» **DATA FOR ANALYSIS**
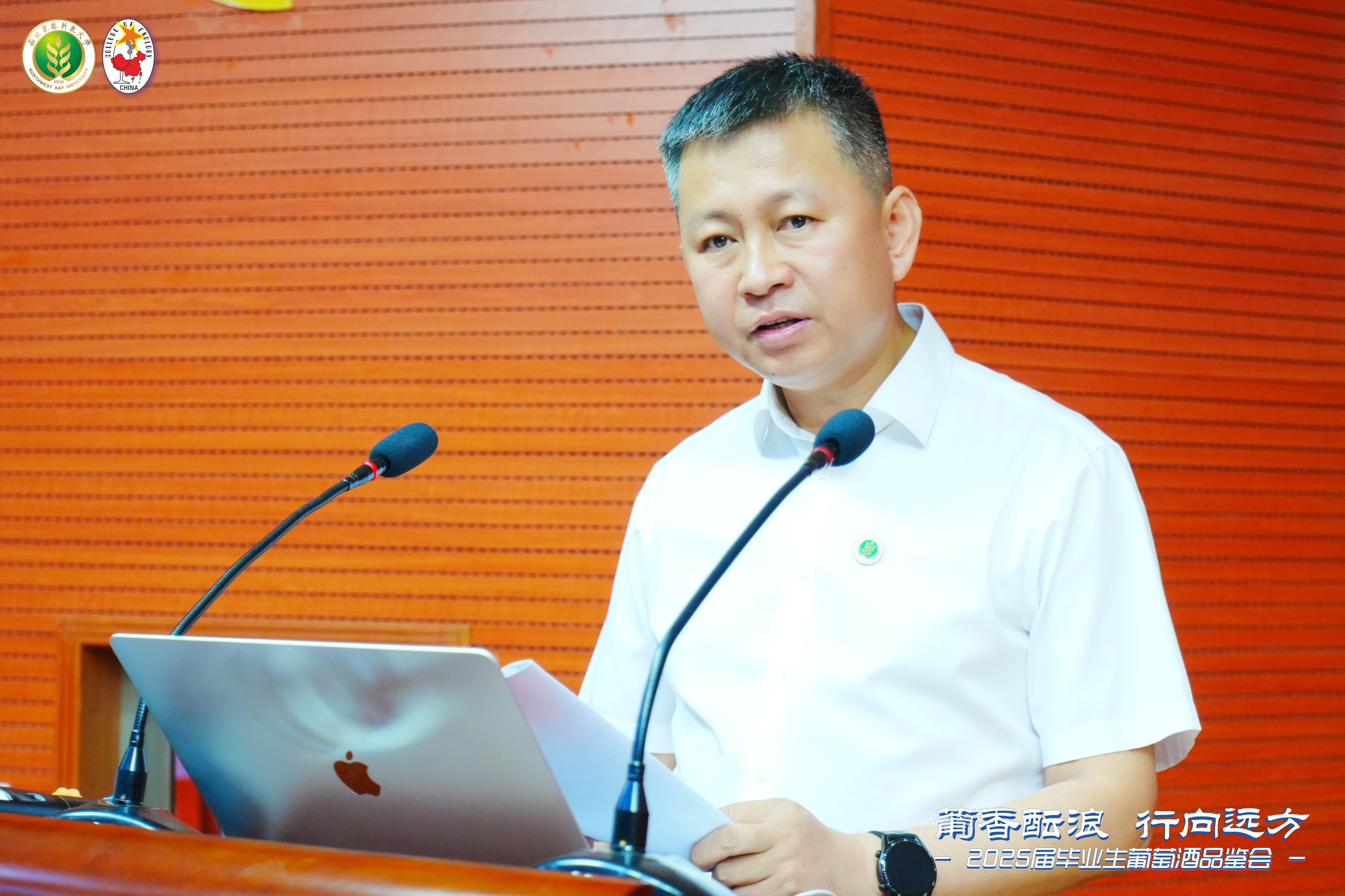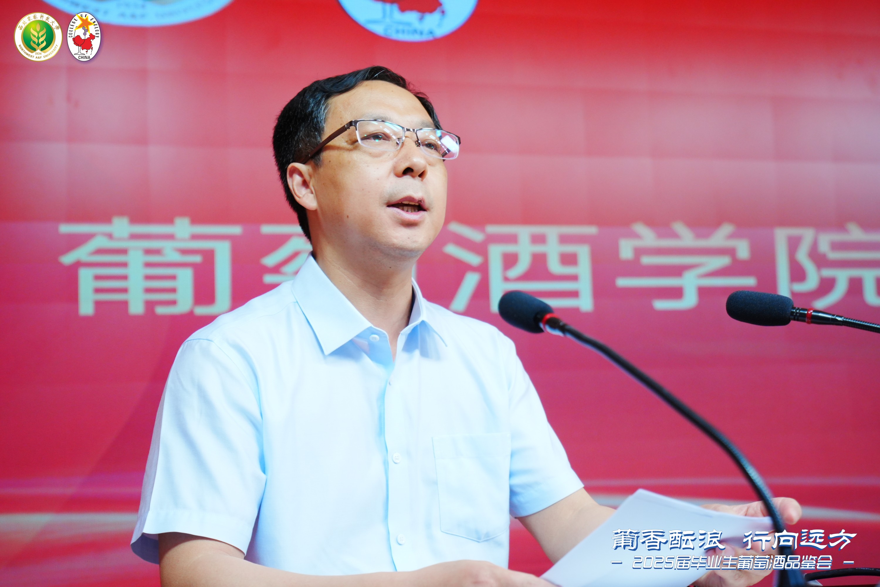 陶永胜院长代表学院向全体毕业生表示衷心的祝贺和美好的祝愿,向倾注心血的老师们致以崇高的敬意,向支持同学们完成学业的家长朋友们致以衷心的祝福。他对全体毕业生提出三点希望,一是要志存高远,服务国家担大任,用实际行动践行 “国之大者”,在中国葡萄酒产业发展的广阔天地中贡献智慧与力量。二是要笃行不怠,终身学习强本领。始终以推动中国葡萄酒产业高质量发展为使命,不断充实自我、提升能力,在持续学习与实践中实现个人价值与行业发展的有机统一。三是要开拓创新,勇立潮头求突破。要同学们以科学严谨的态度大胆尝试、勇于探索,以创新实践为中国葡萄酒产业发展注入新动能,助力中国葡萄酒在国际舞台上绽放独特魅力,彰显东方智慧与文化自信。
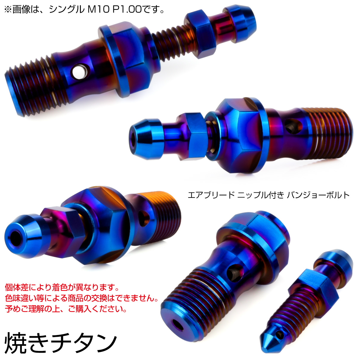 チタン M10 P1.25 バンジョーボルト エアブリーダー ニップル付 ブレーキライン シングル 焼きチタン JA2592
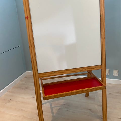 Tavle hvor den ene side er til kridt og den anden side er en whiteboard.
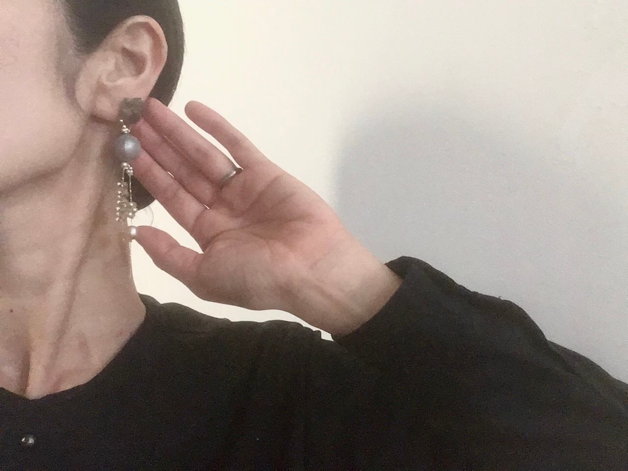 天然石ビーズをカボションに、ヴィンテージビーズとガラスビーズを添えてピアスに仕上げました。
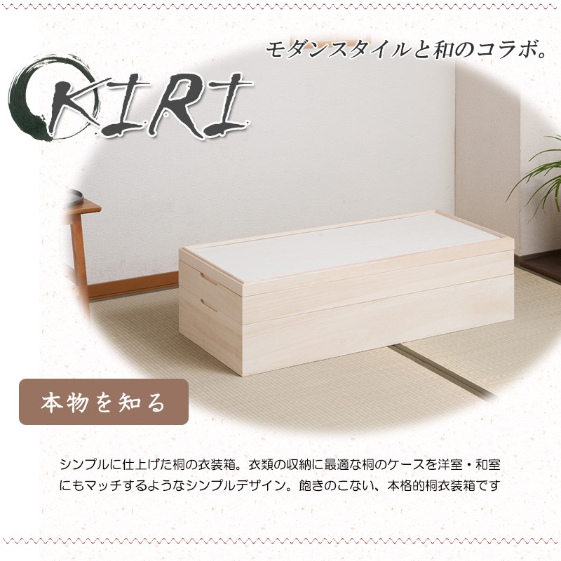■商品について/取っ手金物のないシンプルに仕上げたモダンな印象の桐衣装箱。洋室などのフローリングにも合うデザインで和室だけでなく幅広いシーンにはまります。桐材は内部を一定の湿度に保とうとする働きがあるので大事な着物や洋服などを湿気から守る桐箱にしまうのがベスト。内部には竹炭シートを施しているので、消臭効果もプラス!クローゼット上などコンパクトな1段タイプからラインナップし、着物や浴衣、洋服など長期保管に最適です。蓋は印籠式を採用により密閉性を高めた仕様で15mm厚の頑丈なつくりはもちろん、その構造だからできる繊細で優雅なデザイン。買い足し積み重ねができるので増える着物と洋服をしっかり収納。

» **AIM OF THE EXERCISE**
Take only the line containing "天然石ビーズをカボションに、" and every line after it to the end of the entries, and copy them exactly, pictures excluded.

» **ANSWER FOR THIS EXERCISE**
 天然石ビーズをカボションに、ヴィンテージビーズとガラスビーズを添えてピアスに仕上げました。
■商品について/取っ手金物のないシンプルに仕上げたモダンな印象の桐衣装箱。洋室などのフローリングにも合うデザインで和室だけでなく幅広いシーンにはまります。桐材は内部を一定の湿度に保とうとする働きがあるので大事な着物や洋服などを湿気から守る桐箱にしまうのがベスト。内部には竹炭シートを施しているので、消臭効果もプラス!クローゼット上などコンパクトな1段タイプからラインナップし、着物や浴衣、洋服など長期保管に最適です。蓋は印籠式を採用により密閉性を高めた仕様で15mm厚の頑丈なつくりはもちろん、その構造だからできる繊細で優雅なデザイン。買い足し積み重ねができるので増える着物と洋服をしっかり収納。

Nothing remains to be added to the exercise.